Nach der Vertreibung aus Schlesien schon 1951 wiedergegründet:

75 Jahre „Glatzer Gebirgs-Verein“ in Braunschweig

Am 9. August 1951 um 20.30 Uhr trafen sich im „Gliesmaroder Turm“ (siehe Abb. 1) in Braunschweig zehn heimattreue Mitglieder (siehe Abb. 2) des 1881 in der niederschlesischen Kreisstadt Glatz gegründeten Glatzer Gebirgs-Vereins und gründeten den „Glatzer Gebirgs-Verein (GGV) Ortsgruppe Braunschweig“. Gegen 23 Uhr wurde die Versammlung dann geschlossen.

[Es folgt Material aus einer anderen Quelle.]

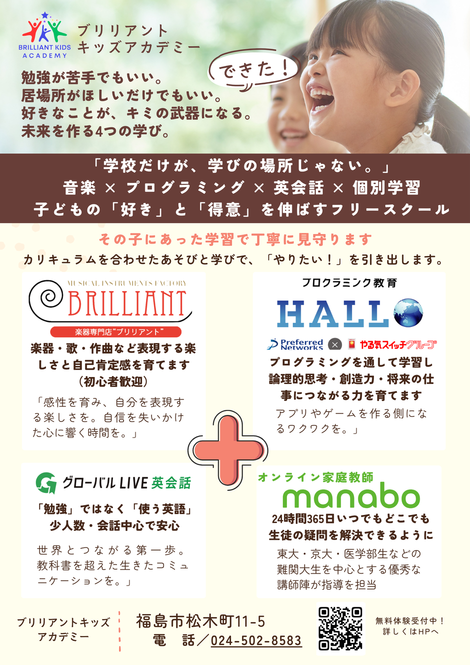 | お問い合わせ | 株式会社 ブリリアント ブリリアントキッズアカデミー ブリリアントフリースクール 福島市松木町11-5 TEL:024-502-8583 Mail:info@brilliant-ka.com |
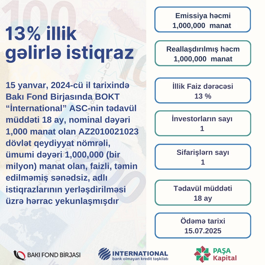 15 yanvar, 2024-cü il tarixində Bakı Fond Birjasında BOKT “İnternational” ASC-nin tədavül müddəti 18 ay, nominal dəyəri 1,000 manat olan AZ2010021023 dövlət qeydiyyat nömrəli, ümumi dəyəri 1milyon manat olan, faizli, təmin edilməmiş sənədsiz, adlı istiqrazlarının yerləşdirilməsi üzrə hərrac yekunlaşıb.
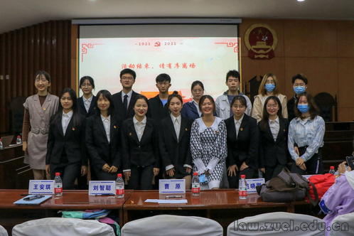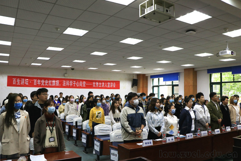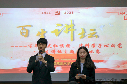 通讯员(柯依澜 杨子涵 甘琳宇 张杰 蒋琼)4月10日下午,法学院“百年党史红旗扬,法科学子心向党·百生讲坛”主题演讲比赛于文泰楼模拟法庭(二)举办。经济学院分团委副书记范晓刚,公共管理学院分团委副书记王泓兮以及法学院六名18级学生代表担任本场嘉宾,众多法科学子作为大众评审到场观看。
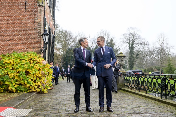 Den Haag, The Netherlands, 2025-12-12 09:02:57THE HAGUE, 12-12-2025, Duivenvoorde Castle. State visit of the President of Finland, Alexander Stubb, to the Netherlands. He is accompanied by his wife, Suzanne Innes-Stubb. President Stubb and Mrs. Innes-Stubb are received by Prime Minister Schoof at Duivenvoorde Castle in Voorschoten. The government lunch will take place in the presence of King Willem-Alexander and Queen Máxima and will focus, among other things, on bilateral relations between the Netherlands and Finland. Arrival of Dick Schoof and Alexander Stubb. PHOTO: NLBeeld/Patrick van Emst, Credit:Avalon
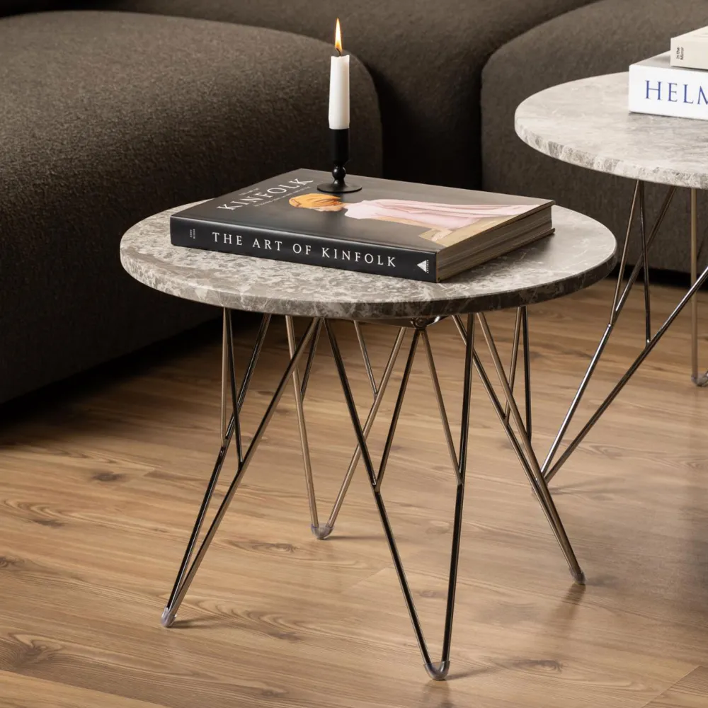 Deze bijzettafel zal zowel minimalisten als maximalisten aanspreken. Het heeft een visueel opvallend blad van grijsbruin marmer, ondersteund door een verchroomd draadonderstel. Het evenwichtige contrast tussen de verhoudingen geeft het ontwerp een luchtige charme. Het past gemakkelijk bij allerlei interieurstijlen.
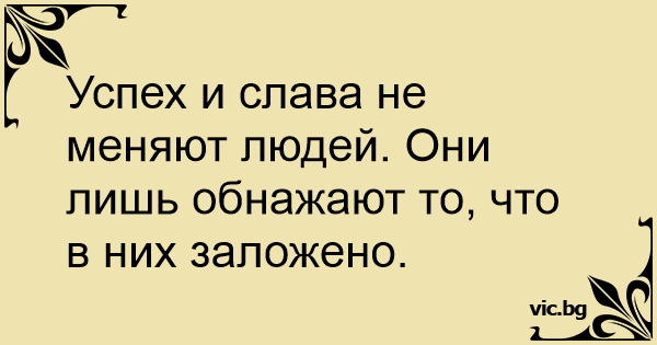 Успех и слава не меняют людей. Они лишь обнажают то, что в них заложено.
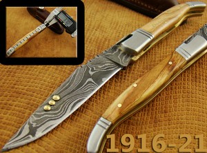 Acier damas 1couches - Manche en bois de cerf. Les couteaux à lames damas sont la quête de tous les amateurs de couteaux. COUTEAU ARTISANAL DAMAS DE J. Serge BRUNA dessine et fabrique ses couteaux de façon artisanale, avec un large. Ce couteau de poche Le Thiers Pirou présente une lame en damas artisanal numérotée.
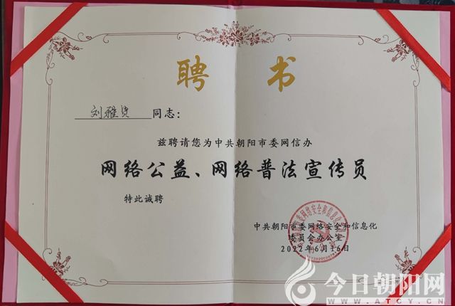 今日朝陽網(wǎng)編輯劉雅賢獲聘“網(wǎng)絡(luò)公益、網(wǎng)絡(luò)普法宣傳員”

Gliesmaroder Turm in Braunschweig (Foto: Axel Hindemith, CC-by-sa-3.0 de)
Abb. 1: Gliesmaroder Turm in Braunschweig
(Foto: Axel Hindemith, CC-by-sa-3.0 de)

Gründungsmitglieder des GGV in Braunschweig (Fotos: GGV-Vereinsarchiv)
Abb. 2: Gründungsmitglieder des GGV in Braunschweig 1951
(Fotos: GGV-Vereinsarchiv)

Obere Reihe: Alfred Bittner, Clemens Blümel, Maria Blümel, Paul Leister, Hubert Müller.
Untere Reihe: Margarethe Elsner, Charlotte Renschin, Gerhard Sonnabend, Georg Wache, Theophil Wolf.

Es wurde eine Niederschrift über die Gründung einer Ortsgruppe des Glatzer Gebirgsvereins in Braunschweig am 9. August 1951 angefetigt.

Die GGV-Mitglieder waren 1946 aus der Grafschaft Glatz (Schlesien) vertrieben worden. Viele von ihnen kamen dabei nach Braunschweig und Umgebung. Hier fanden Sie eine Arbeit und wurden allmählich sesshaft.
Die Ziele des GGV änderten sich zunächst dahin, insbesondere der Jugend die Liebe zur Glatzer Heimat und Mundart am Leben zu erhalten, zumal man bis Anfang der 1960er Jahre glaubte, in die Heimat zurückzukehren. Nachdem sich diese Hoffnung änderte, wurde es zum Vereinszweck, den Menschen die Freunde am Wandern in Gottes freier Natur näher zu bringen sowie die Mundart und Heimatkunde zu pflegen.

Als Vereins(ab)zeichen wurde schon 1881 vom Zentralvorstand die Trollblume gewählt, die als „Glatzer Rose“ und Symbol der Grafschaft Glatz bekannt ist. Diese Glatzer Rose wurde auch 1951 zum Abzeichen des wiedergegründeten GGV bestimmt und wird noch heute als Vereinsabzeichen verwendet.
Die Streichung des Wortes „Ortsgruppe“ im Vereinsnamen erfolgte 1965. Die erstmalige Eintragung in das Vereinsregister wurde 1967 vorgenommen. Im Dezember 1995 erfolgte die Übernahme des am 1. November 1949 wiedergegründeten „GGV Berlin“, der sich am 28. Januar 1995 aufgelöst hatte.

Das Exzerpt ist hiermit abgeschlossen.